Richard Chon (Dan Hicks and the Hot Licks, Sons of the San Joaquin) is the Saddle Cats‘ fearless leader, a hecka fine fiddle player, and a California music historian.  (He’s credited in Gerald Haslam’s Workin’ Man Blues: Country Music in California, Univ. of California Press, 1999).  He’s also got himself a fine bunch o’ musicians with pedal steel player Bobby Black (Commander Cody and his Lost Planet Airmen, Asleep at the Wheel), geetar picker Gordon Clegg and bassist Bing Nathan; together they’ve made Heardin’ Cats, a tribute to California’s western swing legacy.

Richard Chon?

The CD is divided between standards and not-so-standard western swing tracks: all California born and bred.  “Roly Poly” is a Fred Rose song that’s been covered by hundreds of bands yet it was a first for Wills and California in ‘46.  The perennially popular “What’s the Matter with the Mill” is a veiled song, as music like this had to be back in the day, about the closing of a house of ill repute.  “Who Walks in when I Walk Out” is about cheatin’.  “You’ve Got the Right Key Baby, but the Wrong Keyhole” is about greener pastures.  Yep, all these themes were in western swing well before honky-tonk found them.
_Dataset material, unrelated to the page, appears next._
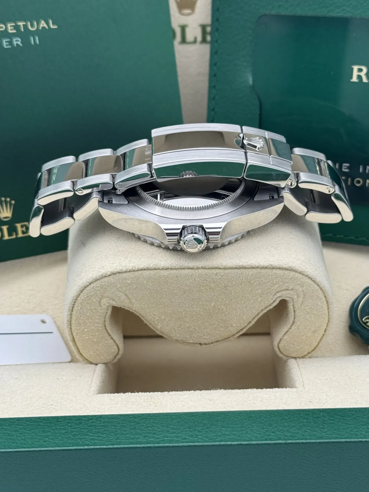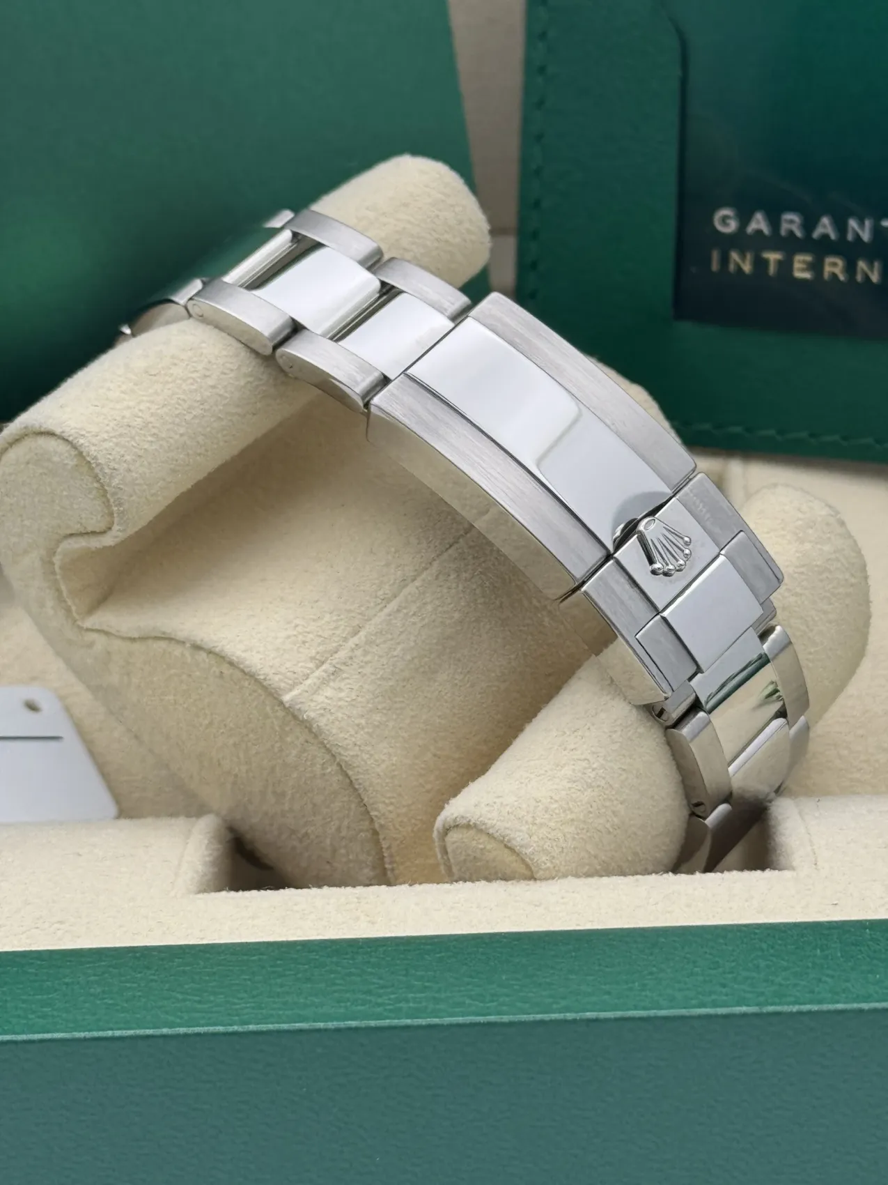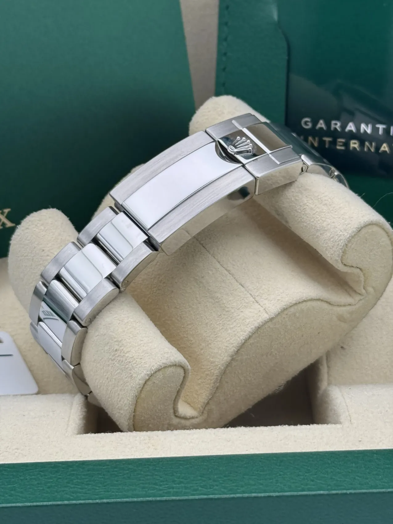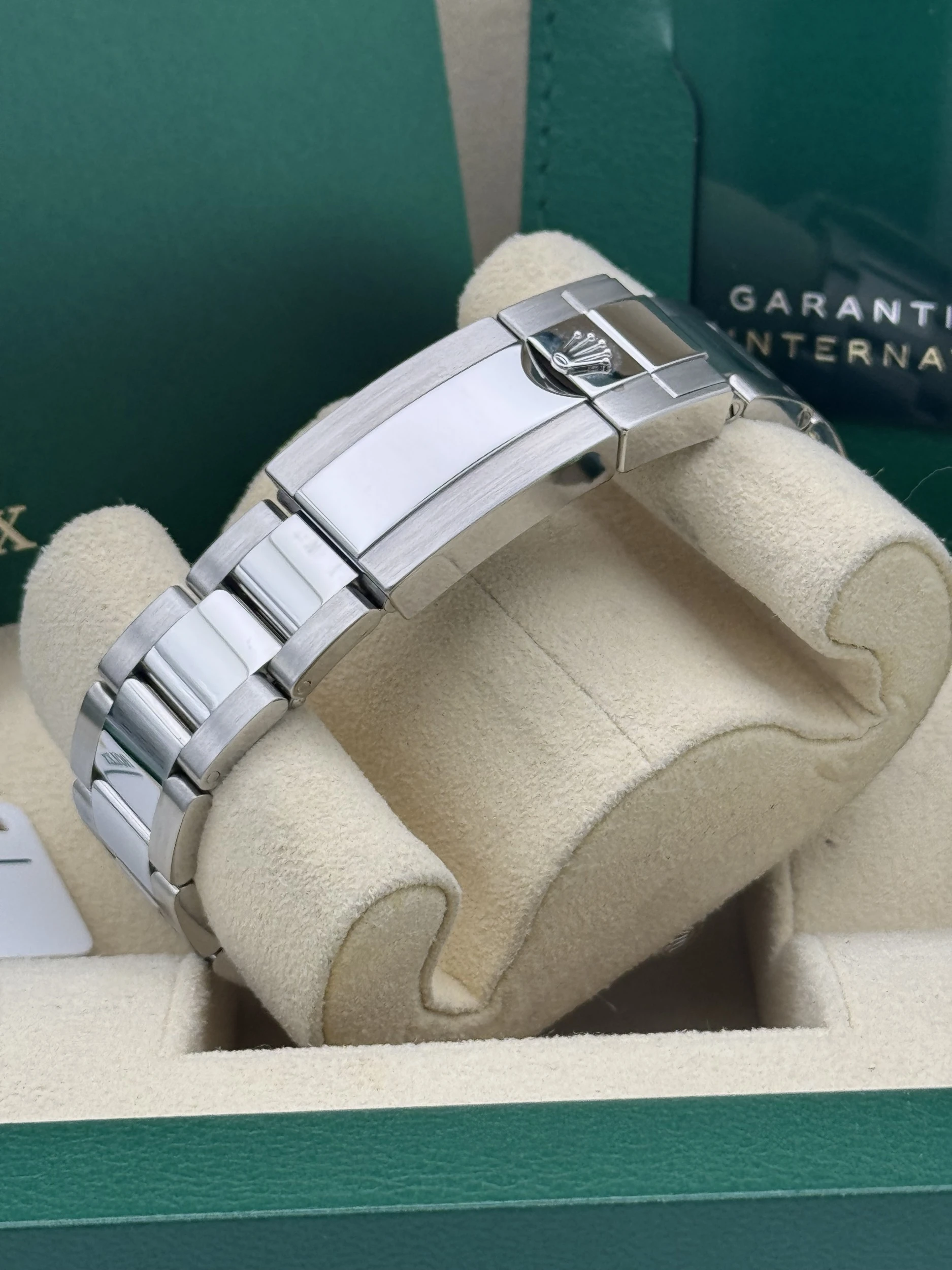 This Rolex GMT-Master II 126710BLNR, known as the “Batman,” features a stainless steel case, black and blue Cerachrom ceramic bezel, black dial, and the classic Oyster bracelet. Powered by Rolex’s automatic dual-time movement and presented in excellent condition, this 2022 model is a modern GMT icon, prized for its distinctive bi-color bezel and robust functionality.

Instrumentals, which were popular back in the day, get their play too, and who’d have thought that a classic like “Oklahoma Stomp” was California born?

At its best this music flows and flows, and with four crack musicians plus Chon himself getting a fine country croon on, the Herdin’ Cats CD flows like the Big Muddy.  This is music for sittin’ a spell, sippin’ a little and watchin’ the sun go down; and the history lesson comes at no extra charge.